On Duskara, people die. Sometimes it's meaningful. Sometimes it's not. Either way, it's part of the story.

When Death Occurs

A character dies when the fiction calls for it. There are no special conditions, no dramatic requirements, no exceptions for plot armor. If a failed roll in a dangerous situation means the character doesn't survive, then they don't survive.

This can happen:

  • Mid-mission, in the middle of nothing important
  • Quietly, without fanfare
  • Anticlimactically, without a final speech
  • From simple mistakes or bad luck
  • In ways that feel wrong or unfair

All of these are valid. The fiction doesn't care about narrative timing.

The Character Is Gone

When a character dies, they're gone. There's no resurrection, no last-minute save, no retcon because the timing felt off.

Acknowledge it simply: "Your character dies here."

Then the facilitator and table move forward.

Their Impact Remains

Even though the character is gone, what they did matters:

  • Relationships persist — Other characters remember them, grieve them, or carry obligations they left behind
  • Consequences continue — Projects the character started affect the world. Promises made shape what comes next
  • Legacy — The settlement remembers them. They changed people. They left marks on Duskara
  • Unfinished business — Other characters might pursue the dead character's Goals, or struggle with their unresolved Nemeses

The character may be absent, but their presence in the story doesn't disappear.

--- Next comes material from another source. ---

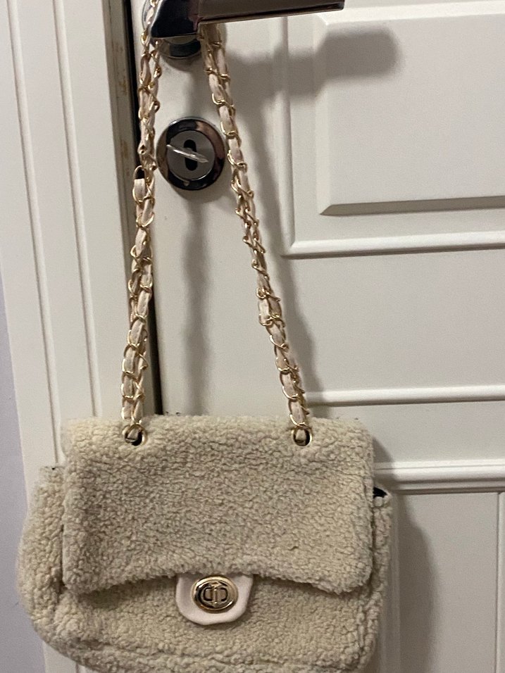 Yumuşak ve sıcak dokulu kumaştan yapılmış, zincir detaylı askıya sahip kadın çantası. Bohem tarzda, açık gri renkte, günlük kullanıma uygun. Metal tokalı kapaklıdır.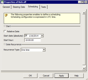 For detailed information regarding the date configuration (e.g.: reference date, absolute date, date recurrence) see HOPEX Studio - 2 - HOPEX Scheduler guide.

Next Scene: A New Character

Usually immediately, sometimes after a brief moment, a new character joins the story. They might be:

  • Someone the group knew and who was already present
  • A new arrival to the settlement
  • Someone stepping into a role the dead character left empty
  • A completely different person with different Goals and connections

There's no mechanical cost or delay. The world keeps moving. People die on Duskara, and life continues.